Быстрый старт (2 минуты)

import mnemosynecore as mn

# 1) взять секрет
cfg = mn.get_secret("VERTICA_PROD")
print(cfg["host"])

# 2) выполнить SQL
df = mn.vertica_select(
    conn_id="VERTICA_PROD",
    sql="SELECT CURRENT_DATE AS dt",
)
print(df)

Готовые скрипты с рабочими примерами лежат в папке examples/:

  • examples/01_secrets_and_test_mode.py
  • examples/02_vertica_examples.py
  • examples/03_mattermost_examples.py
  • examples/04_superset_examples.py
  • examples/05_sharepoint_examples.py
  • examples/06_superset_links_and_threads.py
  • examples/07_llm_examples.py
  • examples/08_mattermost_emoji_letters.py
  • examples/09_reporting_examples.py
  • examples/10_viz_examples.py

Обычные функции и _test-функции

Почти для всех интеграционных функций есть пара:

  • обычная: работает с ENV/Vault/Airflow,
  • _test: для локального запуска с JSON-кредами.

Пример пары:

  • vertica_select(...)
  • vertica_select_test(..., dir_path=... | creds_path=...)

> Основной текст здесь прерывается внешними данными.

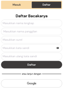 - Setelah itu, jika kamu belum mendaftar klik daftar, lalu isi form dan klik “daftar”. Kamu juga bisa menggunakan akun Google untuk mendaftarkan akun. Namun, apabila sebelumnya kamu sudah mendaftar kamu bisa masuk langsung menggunakan akunmu.

Как передавать креды локально

Есть 2 способа:

  1. dir_path — путь к папке, где лежит <CONN_ID>.json
  2. creds_path — прямой путь к файлу JSON

Пример:

# Файл: ./local_secrets/VERTICA_DEV.json
df = mn.vertica_select_test(
    conn_id="VERTICA_DEV",
    sql="SELECT 1",
    dir_path="./local_secrets",
)

# Файл: /Users/me/secrets/vertica_dev.json
df = mn.vertica_select_test(
    conn_id="VERTICA_DEV",
    sql="SELECT 1",
    creds_path="/Users/me/secrets/vertica_dev.json",
)

Формат JSON-кредов

Универсальный формат:

{
  "host": "example.host",
  "login": "user",
  "password": "secret",
  "port": 443,
  "schema": "https",
  "extra": "{\"basepath\":\"/api/v4\"}"
}

Mattermost

{
  "host": "mattermost.company.ru",
  "password": "BOT_TOKEN",
  "schema": "https",
  "port": 443,
  "extra": "{\"basepath\":\"/api/v4\"}"
}

Можно использовать не только бот-токен, но и личный user-token:

  • передайте его в password (JSON/секрет),
  • сообщение будет отправлено от имени владельца этого токена.

Superset

{
  "host": "https://ss.company.ru",
  "login": "svc_user",
  "password": "svc_password",
  "extra": "{\"auth_provider\":\"ldap\"}"
}

LLM (OpenAI-compatible gateway/API)

{
  "host": "http://llm-gateway.prod.a.o3.ru/api",
  "password": "LLM_TOKEN",
  "model": "DeepSeek-V3-0324-AWQ[CM]",
  "extra": "{\"endpoint\":\"/chat/completions\"}"
}

Для Vertica/коннектов можно указывать и login, и user:

  • если есть user, библиотека использует его,
  • если user нет, берется login.

SharePoint

{
  "host": "https://sharepoint.company.ru",
  "login": "svc_sharepoint",
  "password": "svc_password",
  "schema": "O3"
}

Примеры: секреты и подключения

import mnemosynecore as mn

# Прод: ENV/Vault/Airflow
secret = mn.get_secret("MM_BOT")

# Локально: из JSON
secret_test = mn.get_secret_test("MM_BOT", dir_path="./secrets")
secret_test2 = mn.get_secret_test("MM_BOT", creds_path="./secrets/mm_bot.json")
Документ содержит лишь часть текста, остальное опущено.